Afbouwen van voorraden

‘Het moment is nu daar dat de zweep de andere kant op beweegt: neerwaarts. Nu de vraag naar industriële producten snel afneemt door de energiecrisis en onzekerheid over de economische vooruitzichten, verdwijnen tekorten aan materialen als sneeuw voor de zon en zijn ondernemers begonnen voorraden af te bouwen.’ Vooral het aantal nieuwe orders voor halffabricaten is snel gedaald. Na 25 maanden op rij van steeds verder toenemende materiaalvoorraden plaatsen inkopers sinds september minder bestellingen.

Wel namen de voorraden van materialen in oktober nog toe, vermoedelijk door de gedaalde productie en doordat eerder bestelde goederen nog binnenkomen. De voorraden gereed product zijn nu voor het eerst sinds december vorig jaar aan het afnemen. De afbouw van voorraden wordt waarschijnlijk versneld door de sterke stijging van de rente, die het financieren van voorraden duurder maakt.

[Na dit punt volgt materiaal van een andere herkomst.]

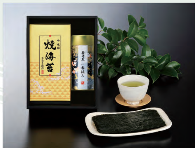
■ ON-COA 税抜 3,000円 (税込 3,300円)

内容 / 焼海苔板のり5枚×3袋、静岡煎茶(黒)100g 箱サイズ / 275×295×80 mm 梱 / 10
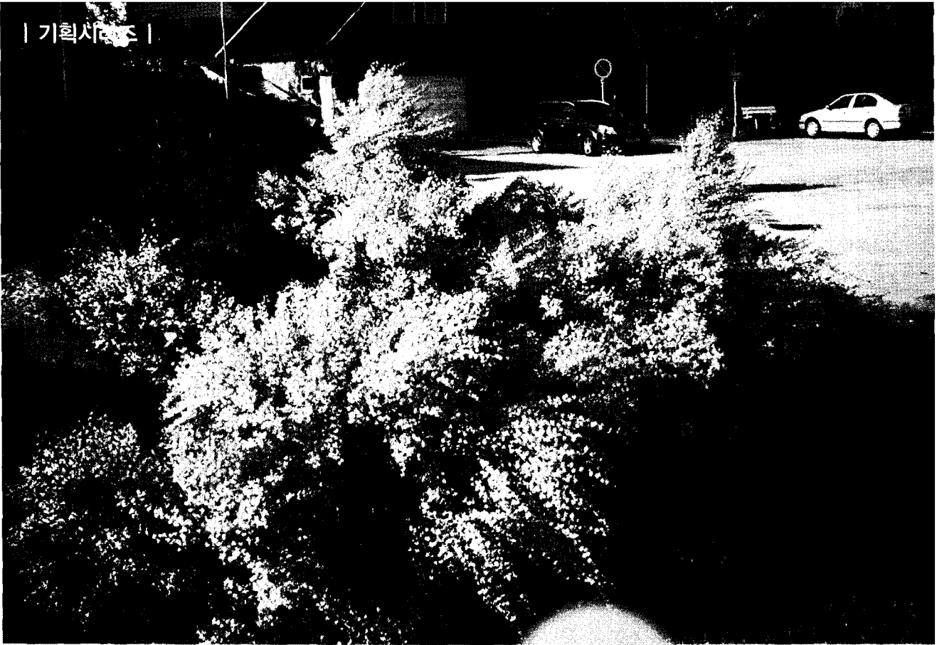
황황색금작화(노르웨이 버르겐) Allgold Broom

Beter functionerende supply chains

Swart: ‘Het zweepslag-effect verdiept nu de crisis in de Nederlandse industrie, maar is van tijdelijke aard. Zodra overtollige voorraden zijn opgesoupeerd, kan de vraag naar halffabricaten wat herstellen. Deze ernstige crisis kent daarnaast ook voordelen, zoals afnemende stijging van inkoopprijzen en beter functionerende supply chains.’

In oktober steeg ook de productie van investeringsgoederen, vermoedelijk doordat de auto- en machine-industrie eindelijk meer halfgeleiders en elektronische onderdelen ontvangen. Orderportefeuilles voor investeringsgoederen namen bovendien verder toe, wat er volgens Swart op wijst dat daar ruimte is voor groei als materiaaltekorten verder afnemen.

Gevolgen energiecrisis voor Nederlandse industrie

De energiecrisis kan grote gevolgen hebben voor energie-intensieve bedrijven in Europa, bijvoorbeeld in de basismetaalindustrie en in de basischemie. De Nederlandse aluminiumfabriek Damco, het voormalige Aldel, staat op de rand van een faillissement, en het Duitse BASF, het grootste chemieconcern ter wereld, heeft besloten de operatie in Europa af te schalen en meer te investeren in China.

‘Maar de meeste Nederlandse industriële bedrijven lijkt dit lot te worden bespaard. De afname van de inkoopmanagersindex is al aan het vertragen, wat erop wijst dat de bodem misschien snel bereikt is. Bovendien groeide in oktober de werkgelegenheid in de industrie nog altijd, een duidelijk teken van vertrouwen’, aldus Swart.